THE DATA ▸
______

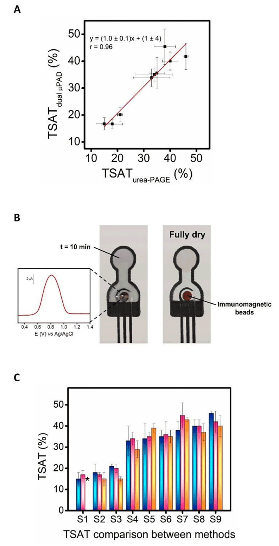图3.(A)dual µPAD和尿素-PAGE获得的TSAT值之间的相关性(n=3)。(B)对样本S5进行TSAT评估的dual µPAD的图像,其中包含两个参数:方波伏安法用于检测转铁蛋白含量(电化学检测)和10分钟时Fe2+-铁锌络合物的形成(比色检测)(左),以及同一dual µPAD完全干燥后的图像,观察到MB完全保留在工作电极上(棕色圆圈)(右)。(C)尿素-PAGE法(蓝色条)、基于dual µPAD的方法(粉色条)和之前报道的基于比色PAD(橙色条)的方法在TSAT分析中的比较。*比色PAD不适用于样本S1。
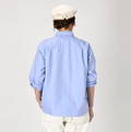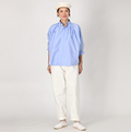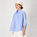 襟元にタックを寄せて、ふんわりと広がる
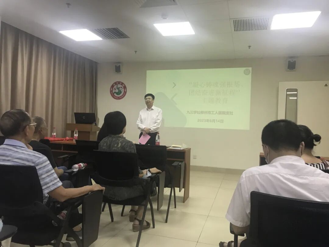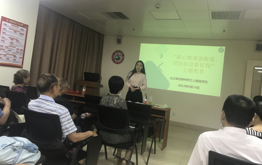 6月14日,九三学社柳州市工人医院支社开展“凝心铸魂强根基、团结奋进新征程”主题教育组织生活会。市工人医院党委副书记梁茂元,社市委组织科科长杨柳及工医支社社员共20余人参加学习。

______

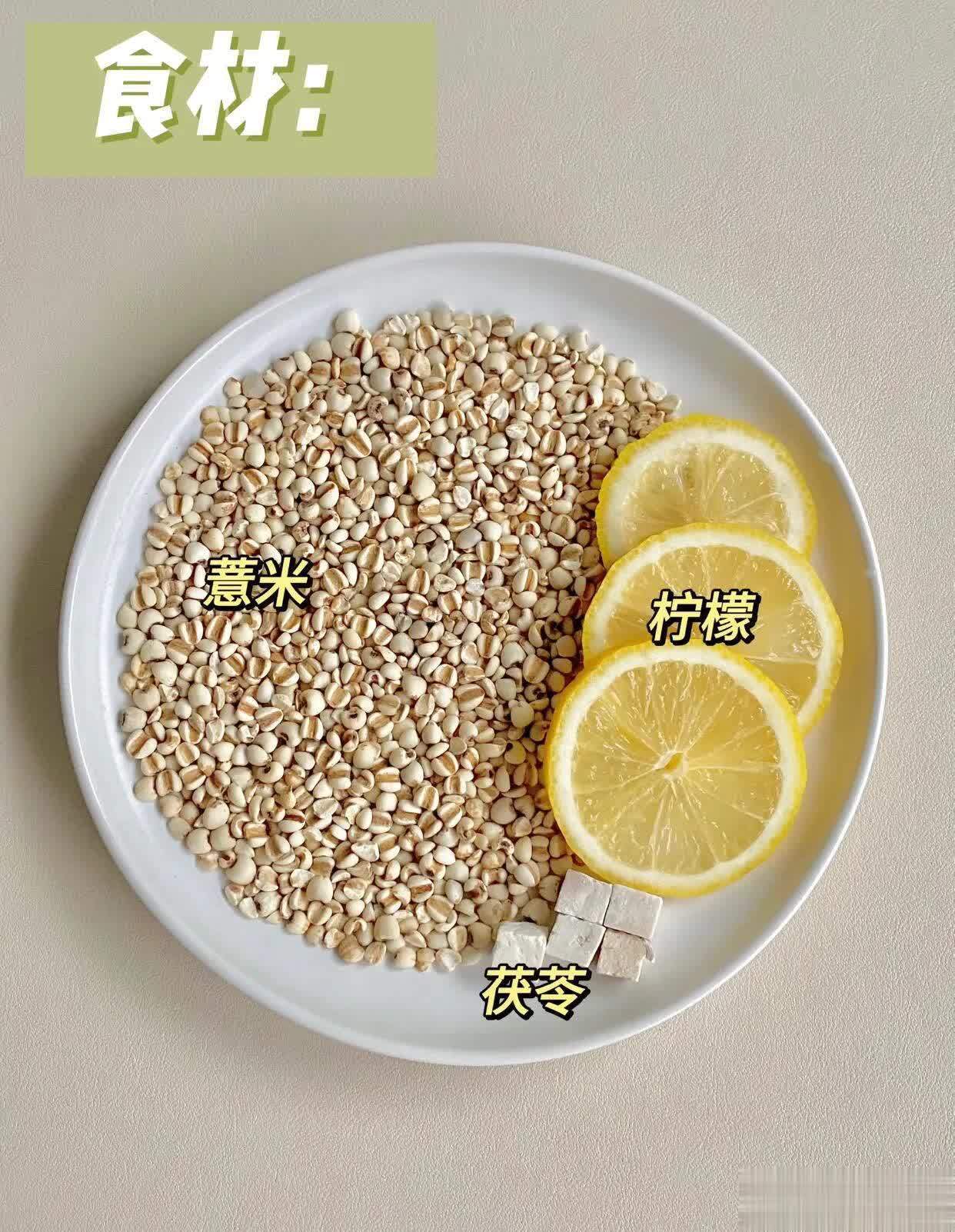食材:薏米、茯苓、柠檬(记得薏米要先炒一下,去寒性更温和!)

______

WHAT THIS TASK INVOLVES ▸
With the pictures omitted, print the lines above exactly, beginning at the line with "襟元にタックを寄せて、ふんわりと広がる" and going on through the line with "6月14日,九三学社柳州市工".

ANSWER BOX ▸
 襟元にタックを寄せて、ふんわりと広がる
 6月14日,九三学社柳州市工人医院支社开展“凝心铸魂强根基、团结奋进新征程”主题教育组织生活会。市工人医院党委副书记梁茂元,社市委组织科科长杨柳及工医支社社员共20余人参加学习。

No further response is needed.